Results to Be Determined
Using Python code and libraries for natural language processing, the tweets will be examined to determine, for each condition:
- The total number of tweets, before and after cleaning.
- The proportion of tweets that refer to – or ask about – treatments or cures.
- The proportion of tweets that refer to a spouse, partner, husband/wife, boyfriend/girlfriend, significant other, etc. (In other words, we are trying to understand if people are talking about their own condition, or trying to find help for a partner.)
- The proportion of tweets that are questions.
- The proportion of tweets that express emotions. Optionally, this could be expanded into a full sentiment analysis.
- The proportion of tweets that refer to websites. (This is useful to understand how many people are relying on the web site health care information.)
- The most common websites mentioned.
- The most common keyword clusters (of 3 or more words).
- Demographic data (age, gender, marital status, etc.) – if this data is accessible through the Twitter API.
Additional results may also be considered and presented.
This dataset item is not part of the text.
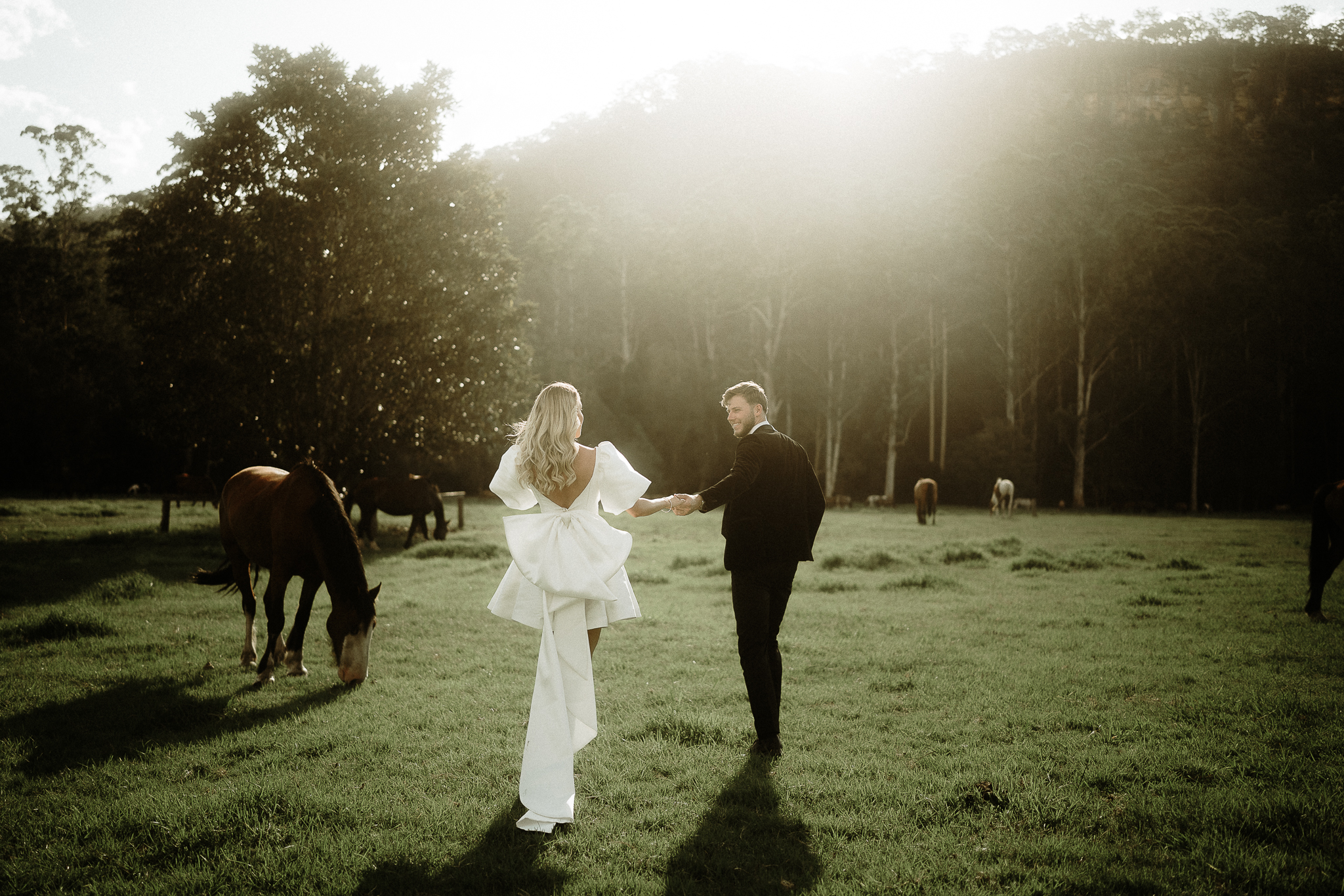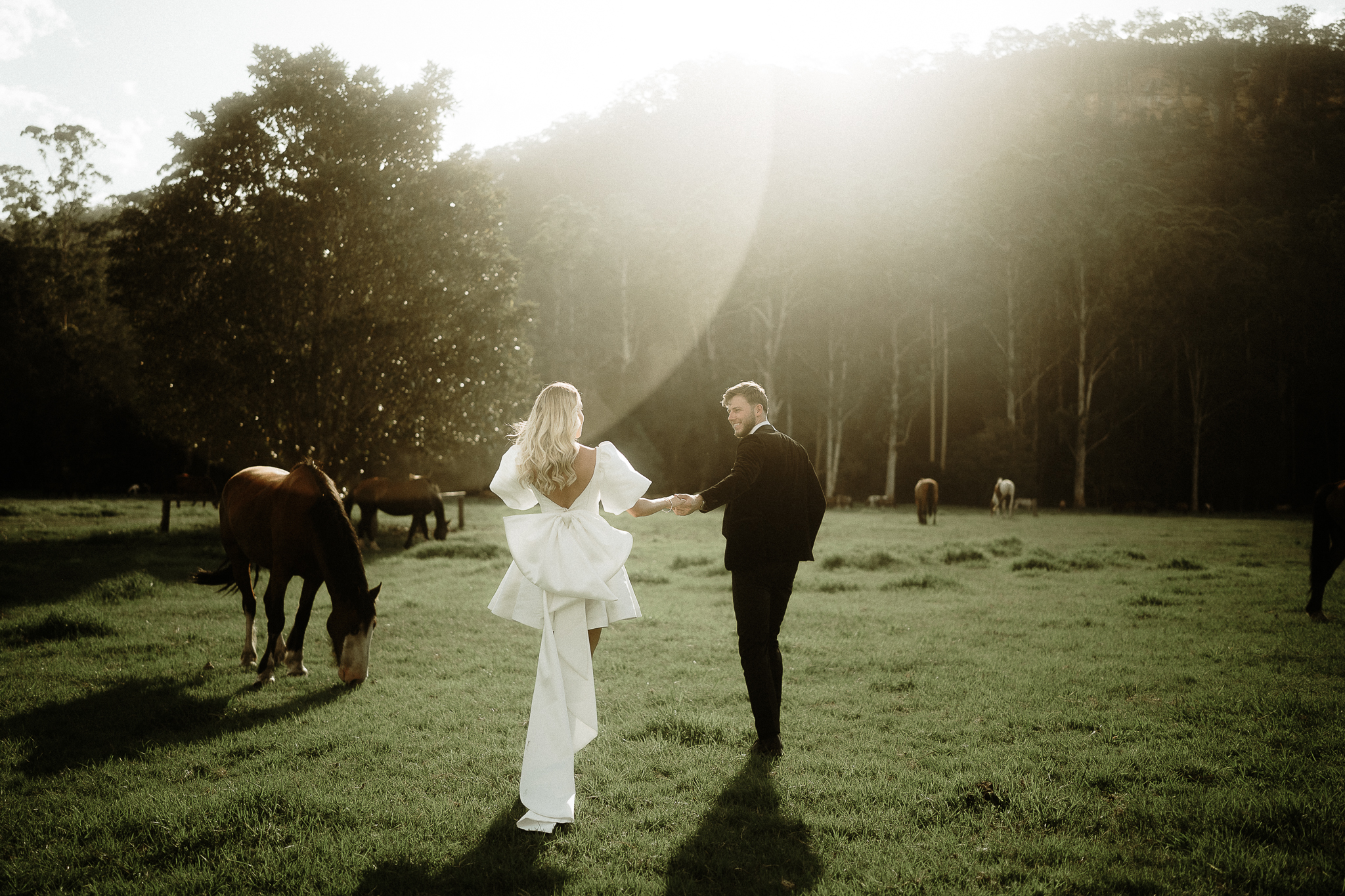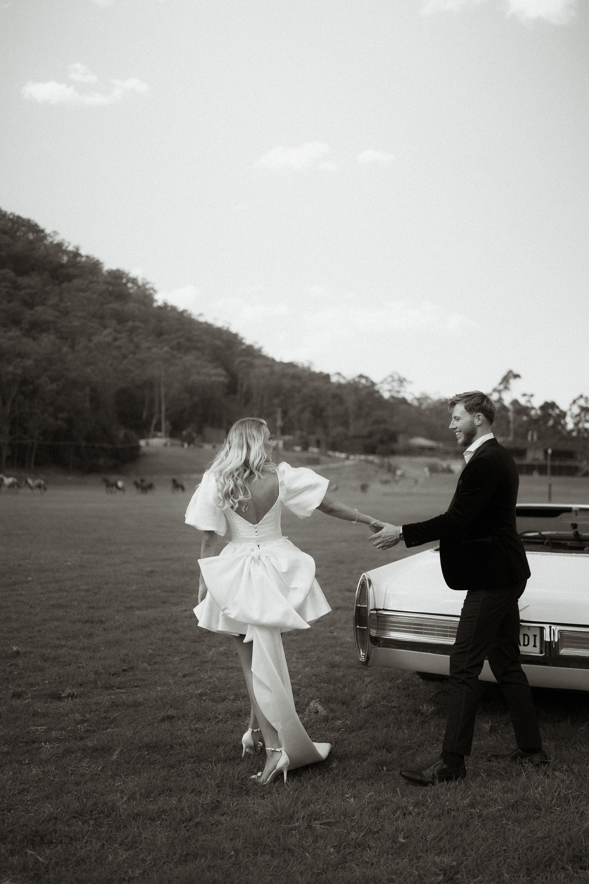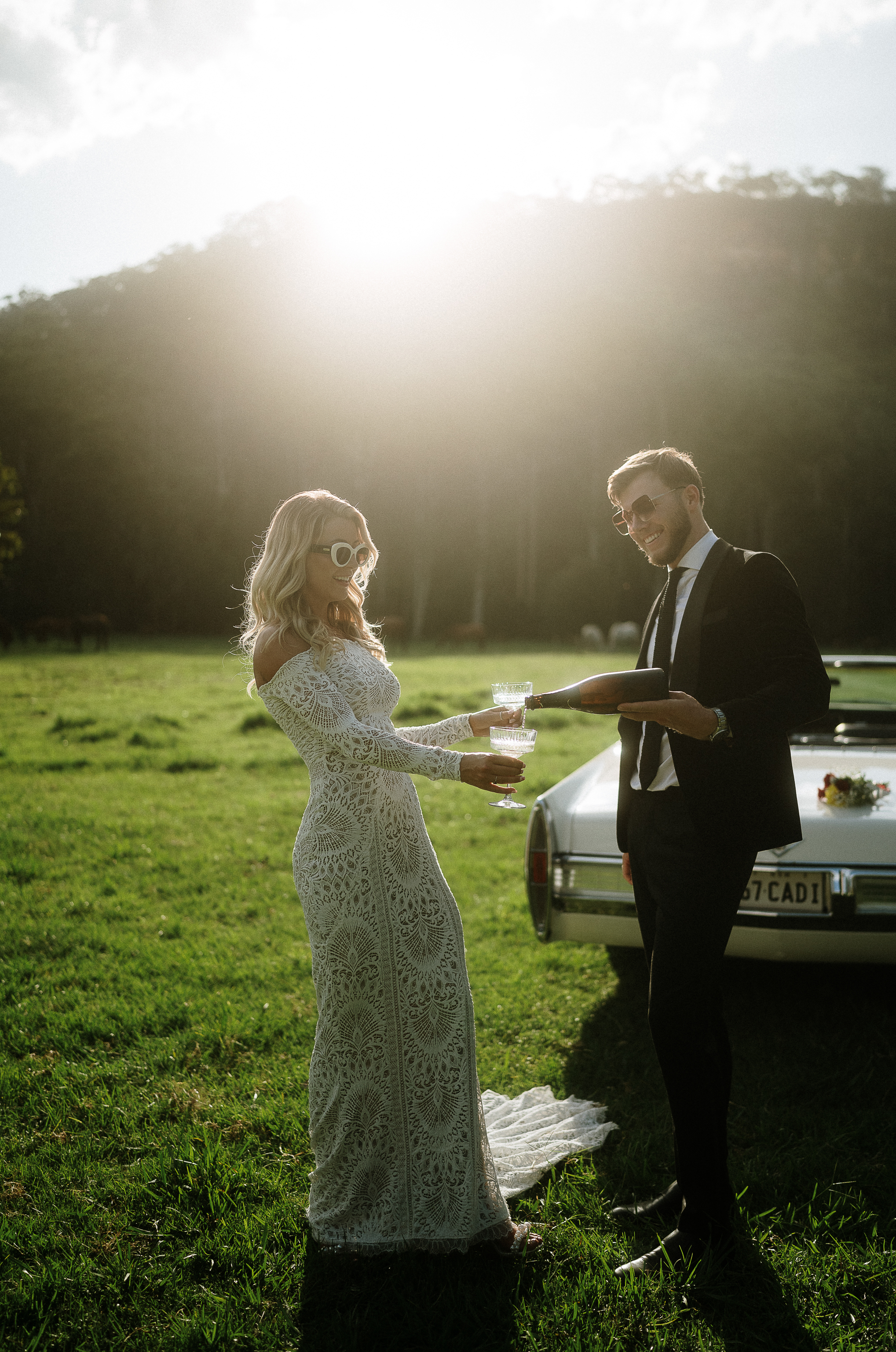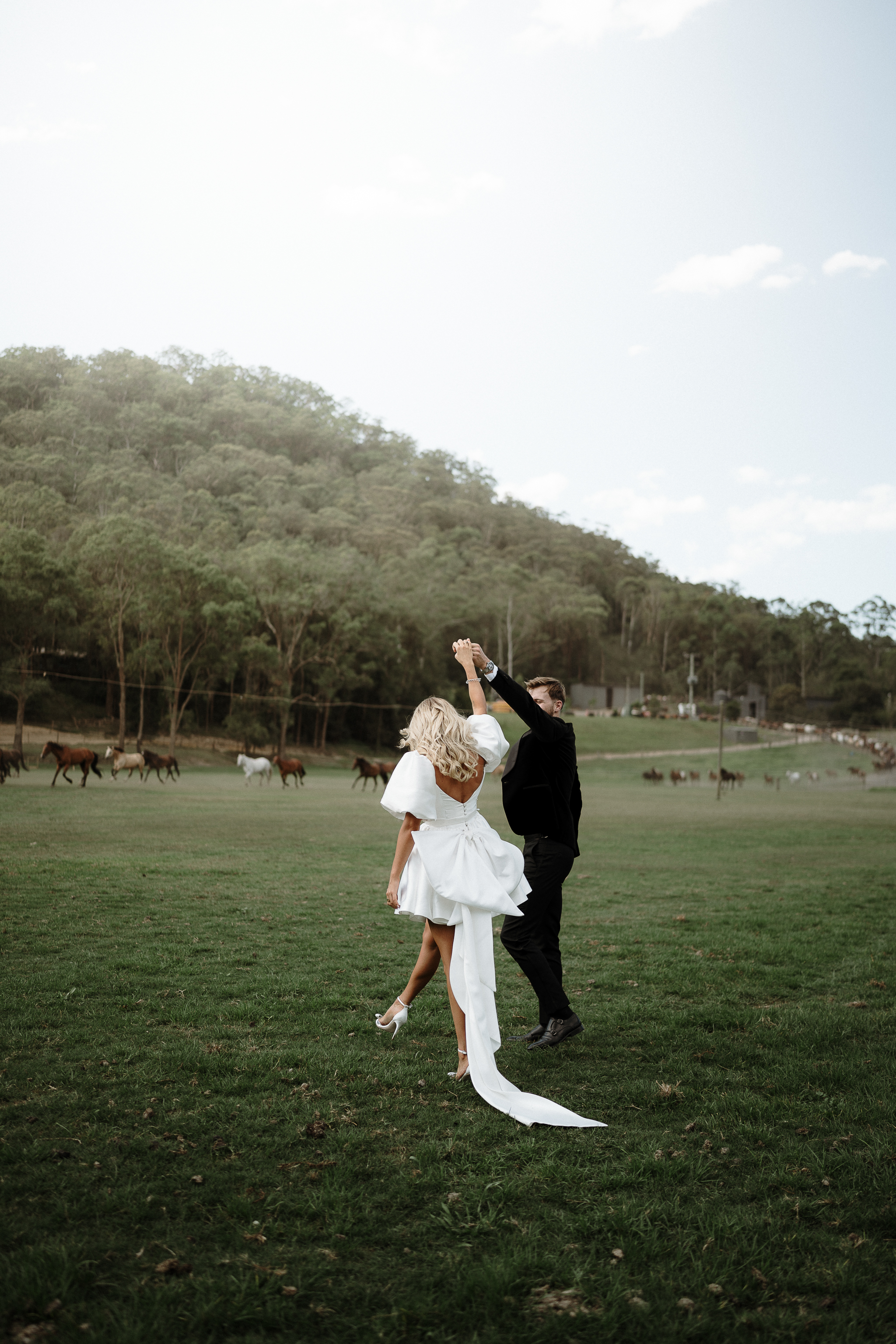 This beautiful photoshoot was done in the Glenworth valley weddings venue! If you are interested in shooting with horses and a beautiful landscape near Sydney, this is the place to be! All the things you see in this photoshoot, the car, dresses, suits, shoes, cake, champagne tower and the beautiful couple have all helped this shoot to achieve this beautiful look! I will post them all below as I highly recommend using these vendors! Car: @caddychicevents/ Bow dress: @kwhbridal/ Lace dresses: @grace_loves_lace/ Suits: @thdr_co/ Bridal shoes: @harloau/ Cake: @_sammiecakes

Often, something “jumps out” in the course of analyzing the data.
Is the medical condition predictive of any of the metrics from the analysis of tweets? (E.g., sentiment.)
Are the tweet metrics clustered? Are they predictive of the medical condition?
The most obvious opportunity for visualization is to show how the various data results compare across the different medical conditions.
Other ideas might include the ability to superimpose or compare the different data items.
Publication of Results
Acceptance of Results
The project will be considered for publication on the ED Treatment Information Center (EDtreatment.info) website, provided it:
- Meets the requirements listed in this document, and
- Receives a grade of at least 85% or a B+, depending on the grading criteria used in your course.
If multiple projects meet these criteria, the project proposer (Robert Nicholson) will select one of the projects for publication, or consider publishing the results of more than one project.
The team will be expected to provide both the raw data, tweets, and the results of the analysis to Robert Nicholson.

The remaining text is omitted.